Starting at the line that contains "The Lehmus linked", transcribe every remaining line of the data below exactly, and omit all pictures.

:::::

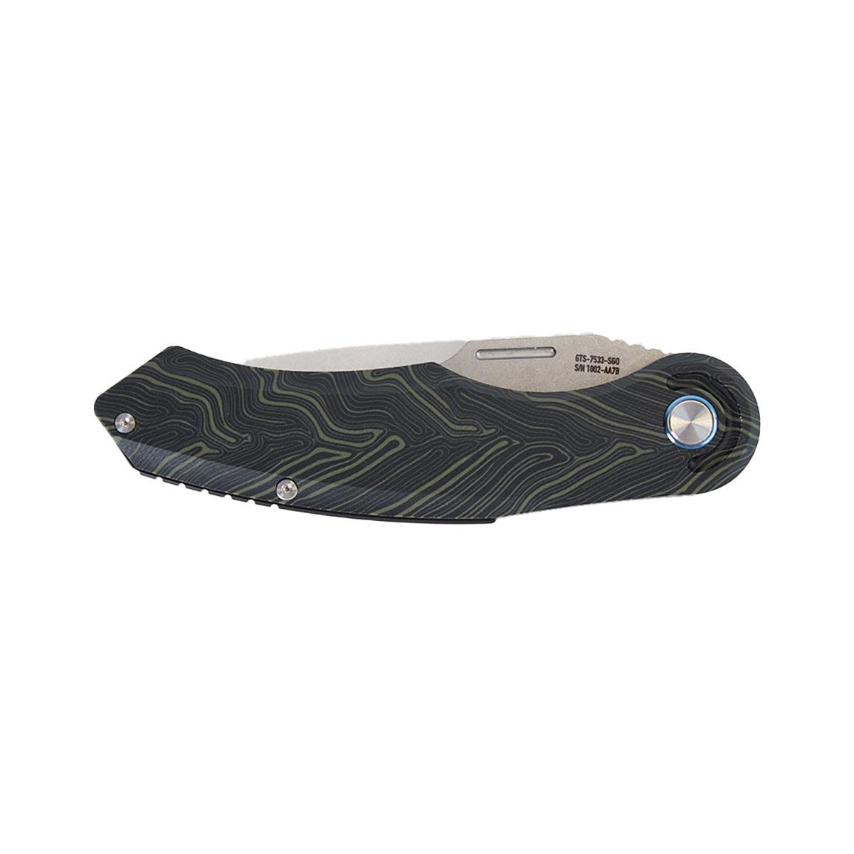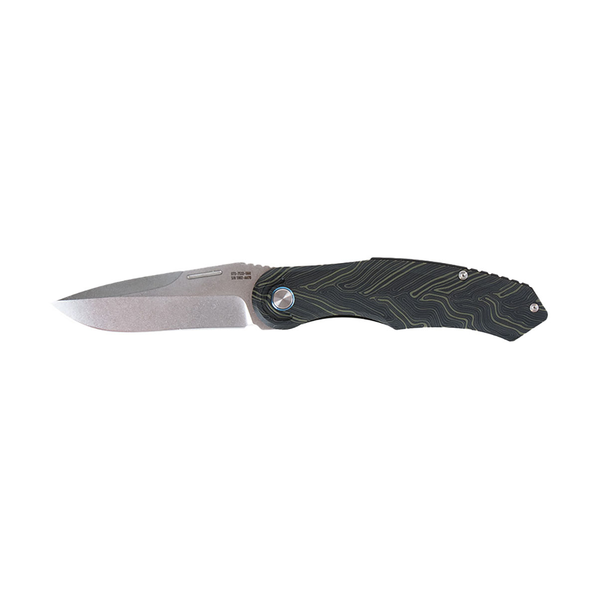 Il manico è realizzato in G10, un materiale robusto e leggero che ti offre una buona presa anche quando le mani sono bagnate o quando indossi guanti. Il manico presenta anche un design stilizzato della mappa topografica, conferendogli un aspetto unico da esterno che si adatta al nome Scout.
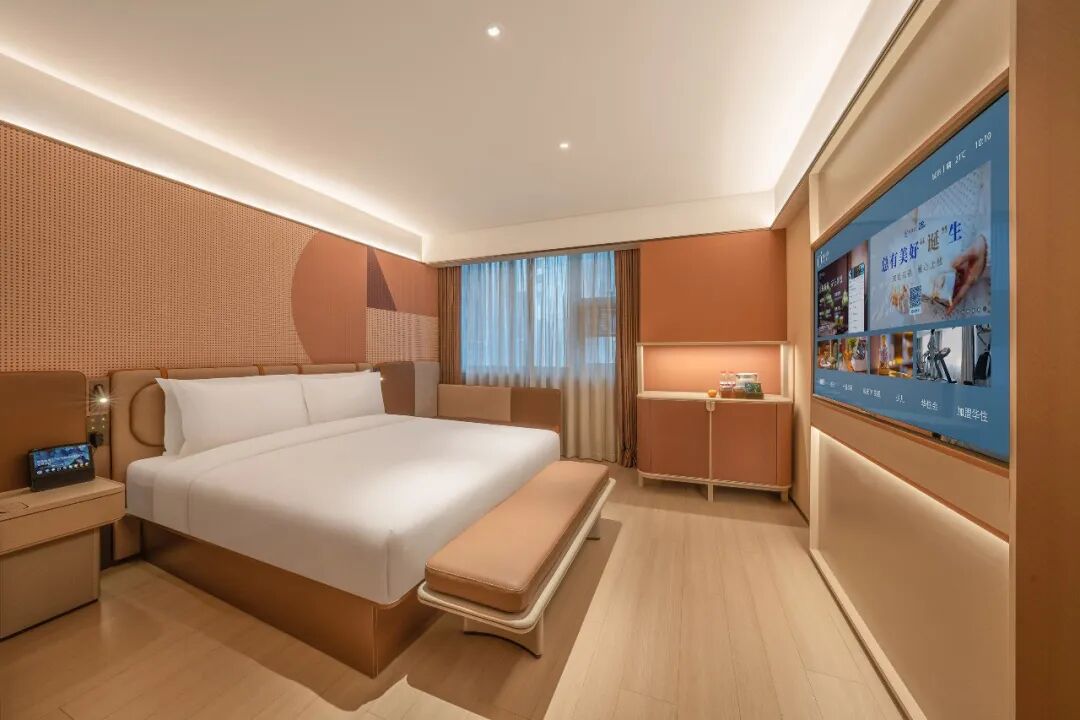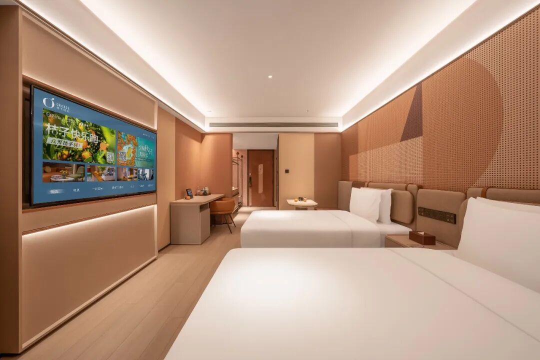 借用周光明先生的话说,“中档酒店的定位决定了它可以更大程度回归酒店住宿功能本质的价值传递。结合选择中档酒店客群的需求,我们尽力提升他们在客房空间的体验及舒适度。”举例来说,酒店全部采用金可儿护脊床垫,同时搭配褥子,还原国人DNA记忆中“炕”的体验,给客户踏实安心的睡眠;房间内选择桔子专属定制甜橙天然洗沐组合,从气味中强化“桔子”记忆,同时给到自然的呵护;房间里均配备65寸液晶电视,一键投屏、小度音响智能客控等功能,更符合年轻用户的习惯;针对打工人、创业者灵活办公的“刚需”,房间内会有宽敞的办公空间和宽敞办公桌,让入住更符合国人快节奏生活的“快乐”;洗衣和健身是商务人士出行的痛点,酒店产品将免费健身房、自助洗衣房作为标配,让整个入住流程的品质更加完整。
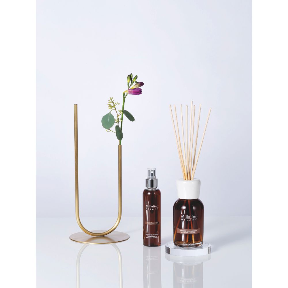 Millefiori Milano Duftstäbchen Sandalo Bergamotto 500 ml sorgen für 12-15 Monate köstlichen Duft in Ihrem Zuhause. Die Millefiori Duftstäbchen bringen die köstlichen und hochwertigen Millefiori Düfte auf einfache und sichere Weise in Ihr Zuhause. Die Duftstäbchen werden in einer luxuriösen schwarzen Box geliefert und eignen sich daher sehr gut zum Verschenken. Die Duftstäbchen haben eine Gesamthöhe von 37 cm und eine preiswerte Nachfüllpackung ist ebenfalls erhältlich. Sandalo Bergamotto ist ein holziger Duft mit einem Hauch von Zitrusfrüchten und Lavendel. Sandalo Bergamotto von Millefiori gehört zur Natural Collection. Alle Düfte der Natural-Kollektion von Millefiori bestehen aus 3 Noten. Diese sind die Kopfnote, die Herznote und die Basisnote. Kopfnote : Bergamotte, Lavendel, Grapefruit, Zitrone Herznote : Koriander, rote Früchte, Jasmin Basisnote : Patchouli, Guajakholz, Vanille
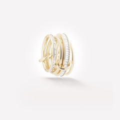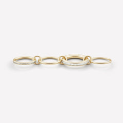 The Lehmus linked ring features a classic med-weight profile, with four linked bands of 18k yellow gold and channel-set baguette diamonds, held together by three 18k yellow gold connectors. Each Lehmus is individually handmade in Los Angeles.
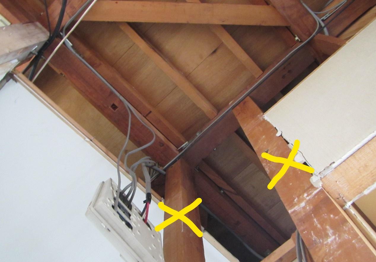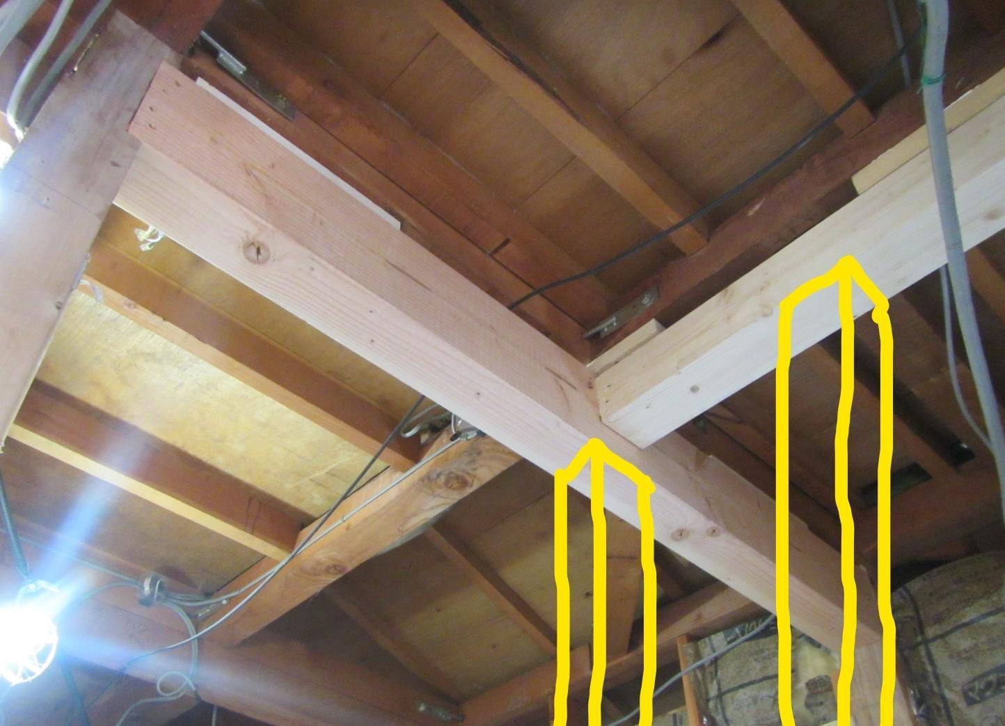 ↑間取り変更のため柱を2本外したところには、太い梁が補強で入りました。
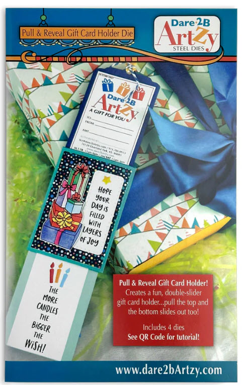 Today, I’m excited to share a project featuring a brand-new die set from Dare 2B Artzy: the Pull and Reveal Gift Card Holder. This die set includes everything you need to create a double-slider gift card holder. There are four dies in total—one main die that cuts a tri-fold base for assembling the holder, and three additional dies you can use to decorate and embellish it. These extra dies can also be used on their own; one is a tag shape that’s perfect for holiday gift tags.
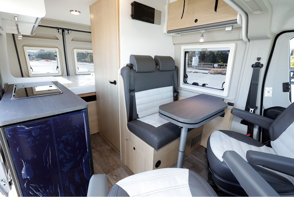 ダイネットは反転したフロントシートとセカンドシートで形成し、その後方にはトイレ&シャワールームとキッチンをレイアウト。リヤベッドの下が、大きなカーゴスペースになっているのもうれしい。
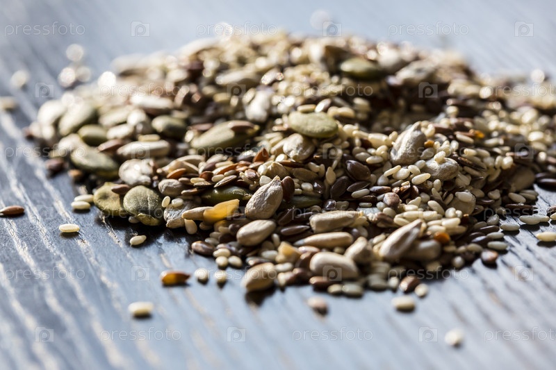 Смешанные сухие семена тыквы, кунжута, подсолнуха, льна для здорового питания на деревянном черном столе
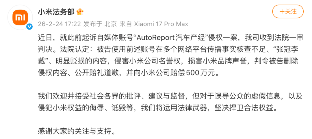 2月24日,@小米法務部 在微博發文稱,就此前起訴自媒體賬號“AutoReport汽車產經”侵權一案,近日小米公司收到法院一審判決。
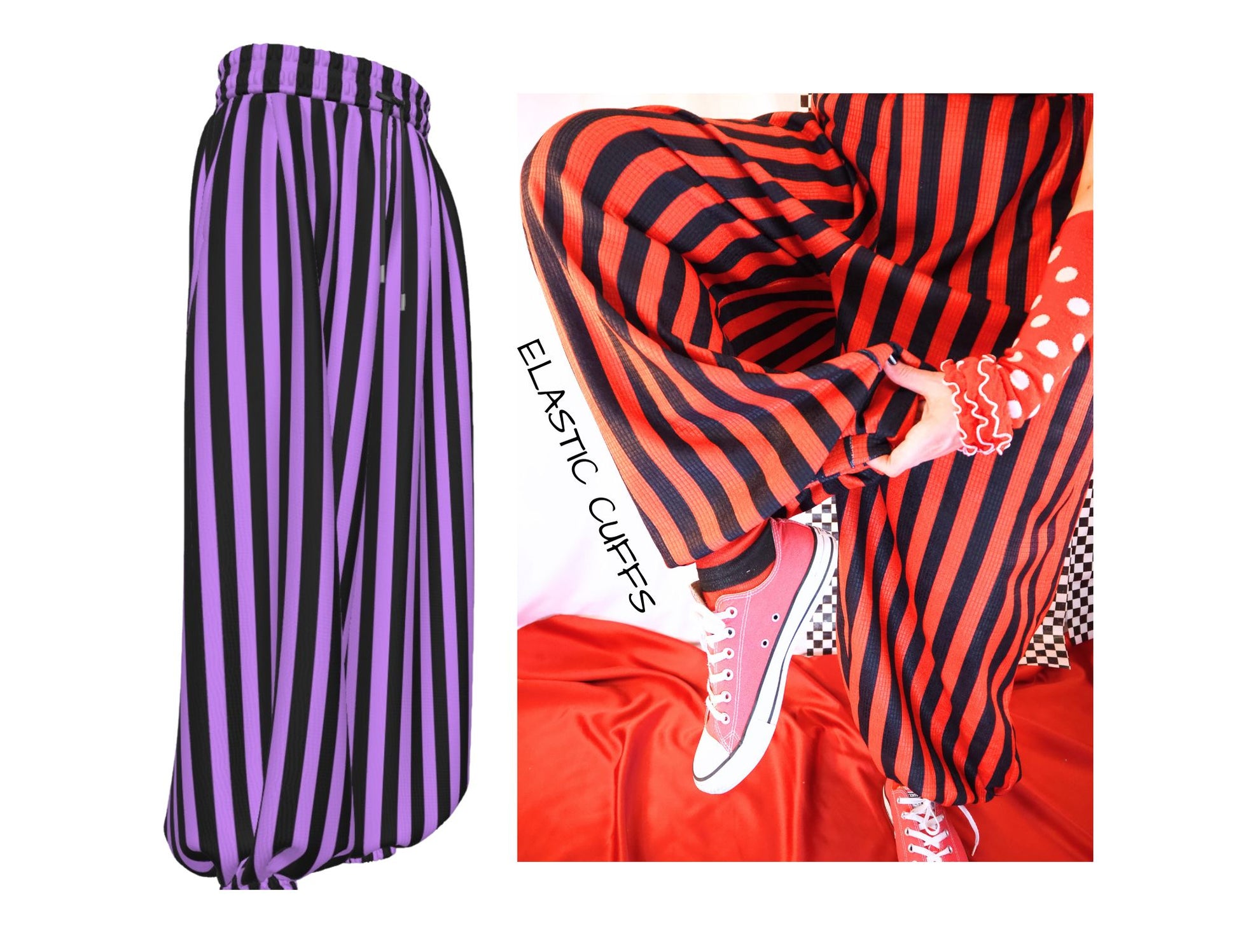 Pastel lilac purple and black striped clown pants will delight you and your audience while you clown in comfort--these are some of the balloony-est, softest, coziest pants you've ever had and you may just want to wear them all the time!
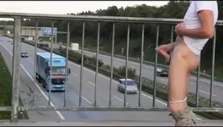 Description: auf der Autobahnbrcke den steifen Schwanz gewichst sodass alle sehen konnten wie das Sperma in hohem Bogen gespritzt ist.

:::::

__EXPECTED ANSWER__.
 The Lehmus linked ring features a classic med-weight profile, with four linked bands of 18k yellow gold and channel-set baguette diamonds, held together by three 18k yellow gold connectors. Each Lehmus is individually handmade in Los Angeles.
 ↑間取り変更のため柱を2本外したところには、太い梁が補強で入りました。
 Today, I’m excited to share a project featuring a brand-new die set from Dare 2B Artzy: the Pull and Reveal Gift Card Holder. This die set includes everything you need to create a double-slider gift card holder. There are four dies in total—one main die that cuts a tri-fold base for assembling the holder, and three additional dies you can use to decorate and embellish it. These extra dies can also be used on their own; one is a tag shape that’s perfect for holiday gift tags.
 ダイネットは反転したフロントシートとセカンドシートで形成し、その後方にはトイレ&シャワールームとキッチンをレイアウト。リヤベッドの下が、大きなカーゴスペースになっているのもうれしい。
 Смешанные сухие семена тыквы, кунжута, подсолнуха, льна для здорового питания на деревянном черном столе
 2月24日,@小米法務部 在微博發文稱,就此前起訴自媒體賬號“AutoReport汽車產經”侵權一案,近日小米公司收到法院一審判決。
 Pastel lilac purple and black striped clown pants will delight you and your audience while you clown in comfort--these are some of the balloony-est, softest, coziest pants you've ever had and you may just want to wear them all the time!
 Description: auf der Autobahnbrcke den steifen Schwanz gewichst sodass alle sehen konnten wie das Sperma in hohem Bogen gespritzt ist.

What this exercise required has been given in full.